Bild: Diskussion übers Heizrohr? Olaf Scholz greift daneben
Zum Glück lässt der Winter dieses Jahr auf sich warten. Noch muss nicht auf
höchster Stufe geheizt werden. Die Verunsicherung ist trotzdem groß. Die
Menschen fragen sich, wie viel Geld sie auf die Seite legen müssen, um die
nicht planbaren Nebenkosten zu bezahlen.
Im September kündigte die Bundesregierung den „Doppelwumms“ an, ein
200-Milliarden-Euro-Entlastungspaket, um den rasanten Anstieg der
Energiepreise abzufedern. Olaf Scholz wollte damit der zunehmenden
Verunsicherung in der Bevölkerung entgegenwirken. Doch seither drehen sich
die Diskussionen um eine Unmenge an Details und Umsetzungsfragen.
Eine [1][Gaspreiskommission hat Vorschläge] erarbeitet und nun debattiert
die Regierung, ob und wie sie diese Empfehlungen umsetzen will – und kann.
Denn die Sache ist denkbar komplex.
Parallel dazu wurde eine Strompreisbremse entwickelt. Und es werden immer
mehr Rufe [2][nach weiteren Entlastungen] laut. Die SPD wünscht sich
beispielsweise, dass auch Menschen, die mit Öl oder Holz heizen, entlastet
werden.
Auch wenn die Regierung diese Woche eine Ansage machen und damit endlich
Klarheit schaffen wird, bleibt das Vorhaben kompliziert. Das Ziel, den
Bürgerinnen Sicherheit zu geben, wird wohl nicht erreicht werden.
## Ginge es nicht auch gerechter und einfacher?
Auch ist unklar, wie groß der Streuverlust der Maßnahmen sein wird. Also
wie viele staatliche Mittel in Haushalte fließen, die die Situation ohne
finanzielle Hilfen stemmen könnten. Teil der Debatte ist deshalb auch die
Frage, ob begüterte Menschen die geplanten Hilfen versteuern müssen.
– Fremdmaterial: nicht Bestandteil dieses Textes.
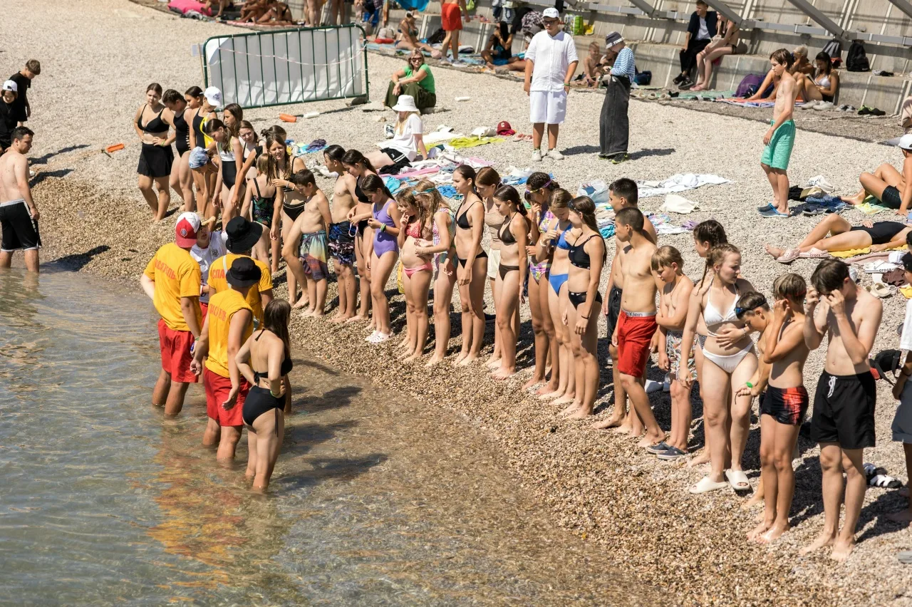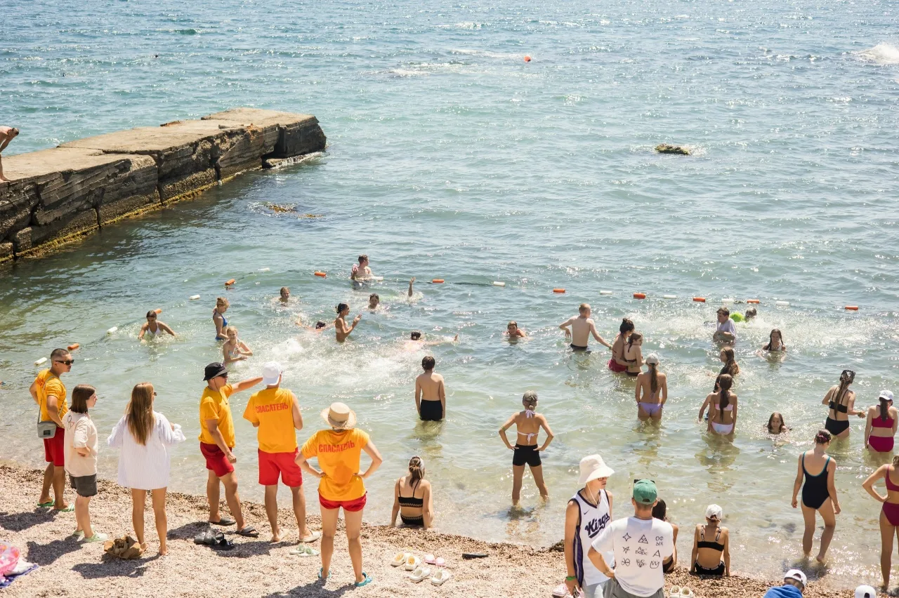 Работают спасатели, зона купания ограждена.

Ohnehin fragwürdig: Die vorgeschlagenen Preisbremsen für Gas und Strom
orientieren sich am Vorjahresverbrauch. Ein Haushalt bekommt also umso mehr
verbilligte Energie, je mehr er im letzten Jahr verbraucht hat. Das ist
insbesondere für die Menschen ein Problem, die schon letztes Jahr wenig
Geld hatten und beim Heizen gespart haben. Da fragen sich viele zu Recht,
ob es nicht gerechter und einfacher ginge.
Karen Pittel, Mitglied der Gaspreiskommission, hat schon Anfang Oktober im
Fernsehen ausgeführt, warum es aus ihrer Sicht nicht möglich sei,
zielgerichtet Haushalte mit Gasheizung und niedrigen Einkommen zu
unterstützen: Es gebe zwar die Daten darüber, wer wie heize und es gebe
auch Daten darüber, wer wie viel Geld zur Verfügung hätte, doch es sei aus
Datenschutzgründen nicht möglich, diese Informationen zu verknüpfen. Ergo
bliebe gar nichts anderes übrig, als schlicht alle Haushalte, die mit Gas
heizen, zu unterstützen.
Doch es gäbe eine Alternative: Nämlich stattdessen alle Haushalte mit wenig
Geld zu unterstützen, unabhängig davon, wie sie heizen.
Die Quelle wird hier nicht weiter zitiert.